追記です。「筆者には姉と妹がいるんですね」と上に書きましたが、筆者には妹はいなかったことがその後わかりました。衝撃の事実、と言うほどでもないですけど、妹のつもりで漫画に描いた小さい女の子は、実はいないんです。
 書籍化された「高校古文もっとこういう話」にこの作品が収録されていますが、そこでは小さい女の子はCGで見事に消去されています。いえ、CGは嘘です。でも最新の印刷技術によって、見事に消えています。
本来なら原稿に手を入れて妹を削除すべきなんですけど、ちょっと可愛いので残しておきます。妹じゃありません。妹じゃない、誰かです。

 もう少しだけ、続きます。


 ところで前回、朝ドラの話をちょこっとしましたが、朝ドラといえば『カーネーション』を見ていた頃、私はミシンを踏みたくてたまらない気持ちになっていました。
 ミシンを引っ張り出すのがめんどくさかったので当時は踏まず終いでしたが、最近ちょっと暇が出来てその気になったので、部屋の片隅の先カンブリア期くらいの地層からミシンを掘り出して、踏み始めました。

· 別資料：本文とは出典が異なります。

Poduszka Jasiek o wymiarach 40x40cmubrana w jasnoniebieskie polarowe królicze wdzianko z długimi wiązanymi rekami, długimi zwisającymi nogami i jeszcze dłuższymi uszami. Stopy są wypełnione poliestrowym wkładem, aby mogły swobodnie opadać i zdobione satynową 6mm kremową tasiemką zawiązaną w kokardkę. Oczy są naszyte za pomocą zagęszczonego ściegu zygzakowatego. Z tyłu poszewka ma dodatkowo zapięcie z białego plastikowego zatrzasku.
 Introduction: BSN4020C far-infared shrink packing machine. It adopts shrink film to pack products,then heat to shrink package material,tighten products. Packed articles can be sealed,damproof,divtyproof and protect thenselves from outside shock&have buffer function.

 久しぶりに出したミシンの扱い方は覚えていましたが、久しぶりすぎて糸が上手く運びません。切れてしまうのです。
 糸の強さを調節したり、針を換えたりしたものの改善せず、これは油を差した方がいいなと思って、これまた久しぶりに手芸用品店に向かいました。

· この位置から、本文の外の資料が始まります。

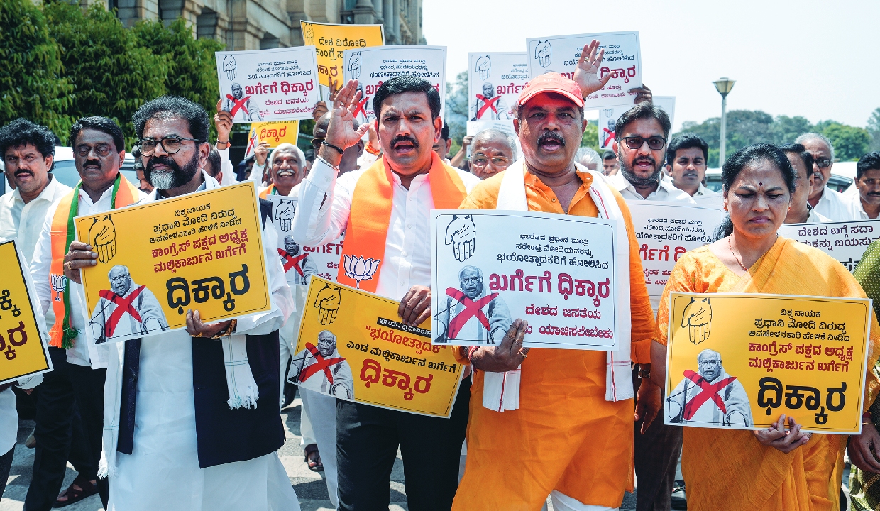 Karnataka BJP protests against Kharge’s ‘terrorist’ remark on PM

 しかし油を差すにしても、『カーネーション』に出てくるような足踏みミシンであったなら我が家にも昔あって、ペコペコ油を差した記憶があるんですけど、今の電動ミシンの場合、どこに差すんだろう?という疑問が生じ、ミシン売場の店員さんに聞いてみました。すると!
 最近のミシンは油を差すようには出来ていないと言うのです!
 うちにあるミシンは最近のミシンではないので差せるのですが、現在、店頭に並んでいるミシンは「電子ミシン」なんてものになっており、油なんて必要ないのだと。

 シリコンべら、ブルーレイレコーダーに次ぐ衝撃を受け、ということは、油を買うんじゃなくてその、電子ミシンとかいうのを買って帰ればいいってことか?・・・・いやいやいやいや・・・と、自問自答の後、ミシン油294円也を買って帰りました。まだ売ってます。ミシン油。

 それで、まだ油は差していません。油を差す前に私のミシン熱が冷めてしまわなければいいのですが。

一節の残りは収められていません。